Among the groups poised to solicit petitioners is the 250,000-member Alberta Prosperity Project. It was co-founded by the constitutional lawyer Jeff Rath, a former national rodeo champion who owns a horse ranch southwest of Calgary. He said he began to support independence because he thought pandemic restrictions under then-Prime Minister Justin Trudeau were hurting Alberta’s interests.
Rath said that Alberta gives much more to Ottawa than it gets back and that the province would be better off economically if it used the funds for itself. “There’s nothing Canada can offer us that’s more valuable than a complete cessation of federal taxation and regulation in Alberta,” Rath said.
Alberta contributed $180 billion more to the federal government than it received between 2007 and 2022, according to the conservative Fraser Institute. Under Canada’s federal system, wealthier provinces pay other regions to spread the country’s wealth. Quebec received $9.5 billion in transfers to help pad its budget last year. Quebec has resisted attempts to build a pipeline from Alberta’s landlocked oil sands to Canada’s eastern coast, infuriating Alberta’s leaders.

Jeff Rath, owner of a horse ranch southwest of Calgary, says pandemic restrictions were bad for Alberta.

A poster in the home of Rath with referendum language.
Since Carney succeeded Trudeau as prime minister, Carney has tried to placate Albertans’ concerns. He has promised to turn Canada into an “energy superpower” using oil, gas and renewable energy. He has introduced legislation that would make it easier to approve infrastructure such as oil pipelines deemed to be of national interest.
Smith said Carney had a small window to show he can get energy projects approved.
“There has to be a real demonstration, and very soon, that some of the priorities of Alberta are going to be addressed,” she said in an interview.
Jason Kenney, a former Alberta premier and secession opponent, said a referendum would tear at the province’s and the country’s social fabric. He said Carney would strengthen the independence movement if he doesn’t make good on building more pipelines.
“We’re all filled with hope, but ready to be disappointed,” Kenney said.
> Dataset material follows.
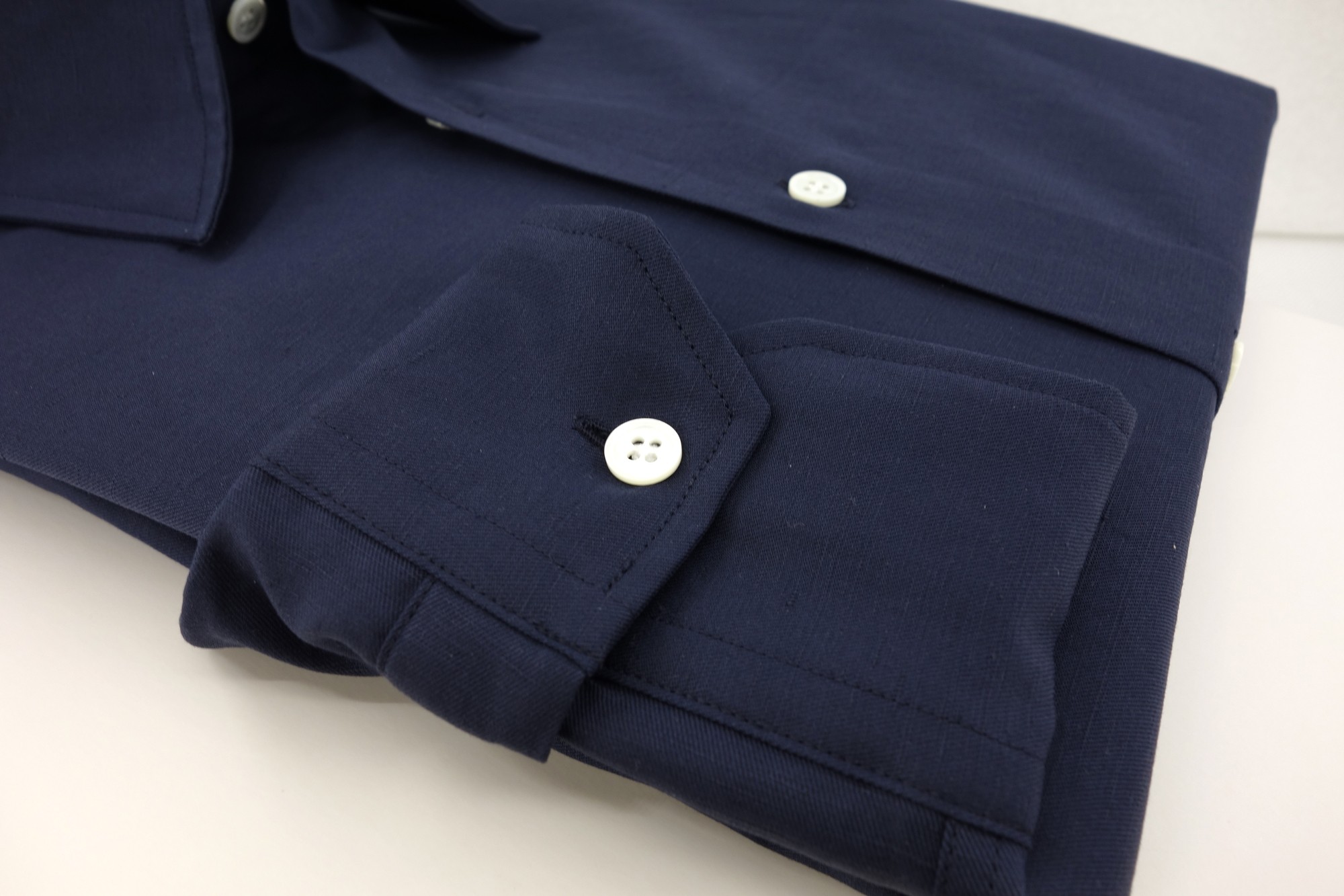 Gabardine de coton et lin bleu marine. C'est un tissu idéal pour des chemises type saharienne avec poches plaquées à rabat. L'été sur la plage ou l'hiver dans le Sahel !
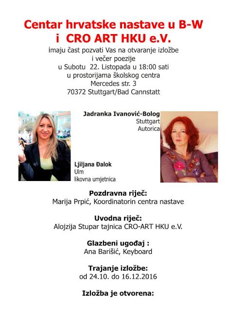Stuttgart/ Centar za hrvatsku nastavu Stuttgart i CRO ART HKU e. V. organiziraju likovnu izložbu Ljiljane Đalok i večer poezije s Jadrankom Ivanović-Bolog u subotu, 22. listopada u 18 sati u prostorijama školskog centra, na adresi Mercedesstr. 3, 70372 Stuttgart/Bad Carnstatt. Pozdravnu riječ će tom prigodom imati Marija Prpić, uvodna riječ: Alojzija Stupar a glazbeni ugođaj: Ana Barišić- keyboard. Izložba ostaje otvorena do 16. prosinca.

David Parker says he doesn’t think Canada can be fixed.
David Parker, a political organizer and independence supporter, said federalists in Alberta could be surprised in a vote, just as so-called remainers were in the U.K.
“Central Canadians don’t understand the anger here because they don’t think about us at all,” he said. “I don’t think Canada can be fixed at this point.”
Chris Scott owns the Whistle Stop Cafe in the hamlet of Mirror, population 480, which became a flashpoint for pandemic policies after Scott refused to abide by distancing and masking restrictions. Police closed the diner for seven weeks.

A customer at the Whistle Stop Cafe and the owner, Chris Scott.

Support for provincial independence at the Whistle Stop Cafe.
Today, blue Alberta provincial flags fly on the property, and the front door is decorated with a sticker that declares, “Alberta First, Alberta Free.”
Scott, who worked in the Alberta oil patch for 20 years, said he doesn’t want to help make Easterners rich off the province’s wealth. “They’ve been milking the West,” he said.
Carney’s election win in April, which upended earlier expectations for a Conservative Party victory, only confirmed for him and others that the rest of Canada wasn’t attuned to Western concerns.
“There are a lot of closet separatists,” he said. “It’s not a whisper in the wind anymore.”